It’s been a while since I’ve blogged here. Facebook has practically made casual blogging obsolete, due to its simplicity, convenience, and ability to reach more people.
Granted that you still cannot perform full featured edits on Facebook, for the most part, sharing of links, photos and posting one-liners have been trivialized.
This, actually, is hurtful for the standard of creative writing, especially for much of the younger generation who waste most of their productive time on Facebook. What value do they add to society, other than making Facebook share holders even richer than they already (disgustingly) are?
We could leverage Facebook to enable its users to accumulate credit, monetary or otherwise, by contributing to social or commercial projects that small companies or non-profits need to to get done, but do not have the financial capacity to engage full-scale resources to undertake the work.

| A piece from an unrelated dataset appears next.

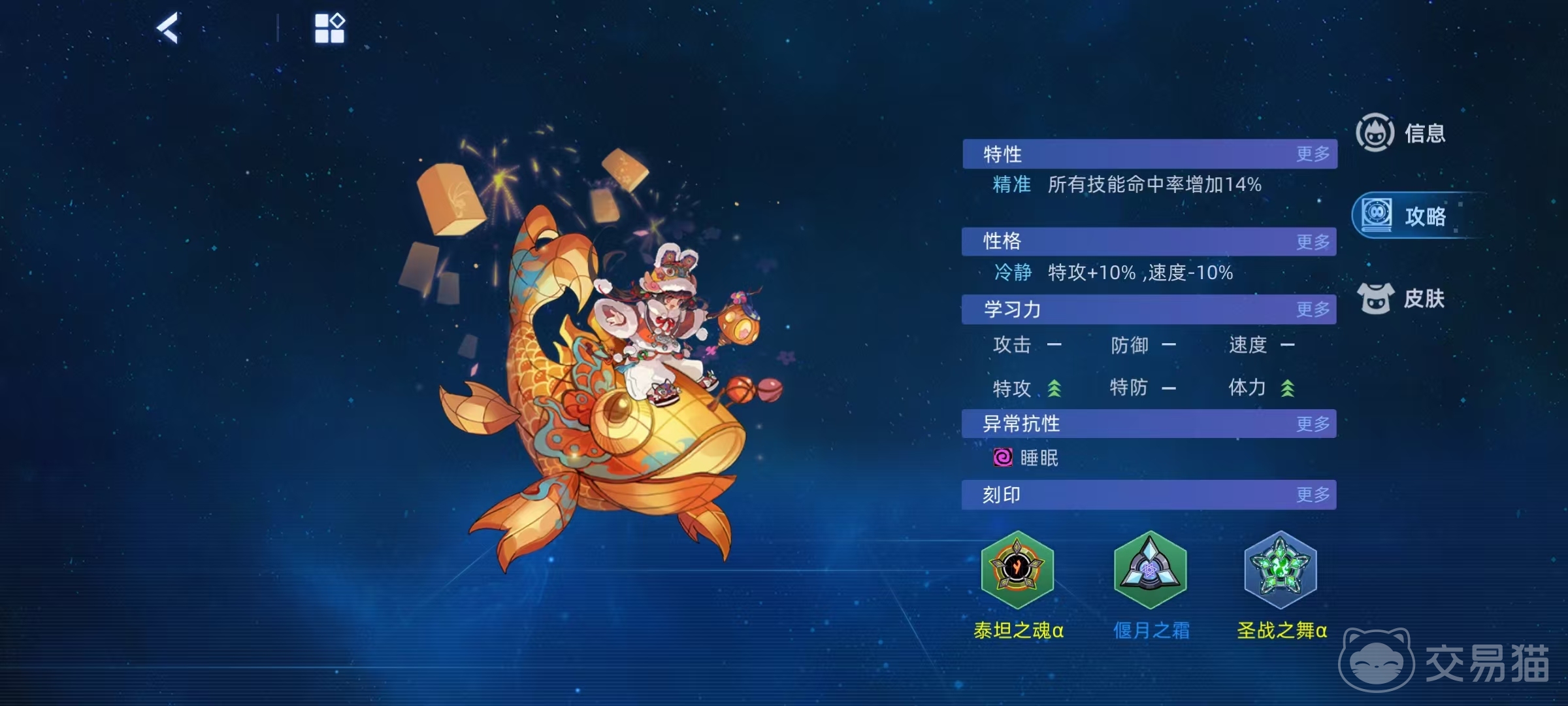 在属性方面,花灯仙子的体力169,特攻139,速度136,这三项属性都是非常不错的,防御和特防都是113,在生存力方面也有保证,属性方面绝对值得重点培养。在特性方面,当自身受到技能伤害高于400时,有几率令对手睡眠,如果没有触发,则恢复自身400点体力。受到伤害值低于400时,下回合对手属性技能无效无效,成功后恢复己方在场精灵以损失体力值的80%,这样对敌方就是很好的控制和干扰。

Some immediate examples come to mind:
- Electronic data entry for digitizing old receipts or invoices for businesses looking to consolidate their historical customer information
- Visual Identification and tagging of photos for image recognition, artificial intelligence and machine learning projects
- Grading of written quizzes
- Vetting or provision of translation services of articles
Social is a powerful force that can be leveraged in more ways than we can imagine right now. While it might not solve world hunger or promote world peace, I foresee that it might be able to get us out of the current economic doldrums that we never seem to be able to shake off.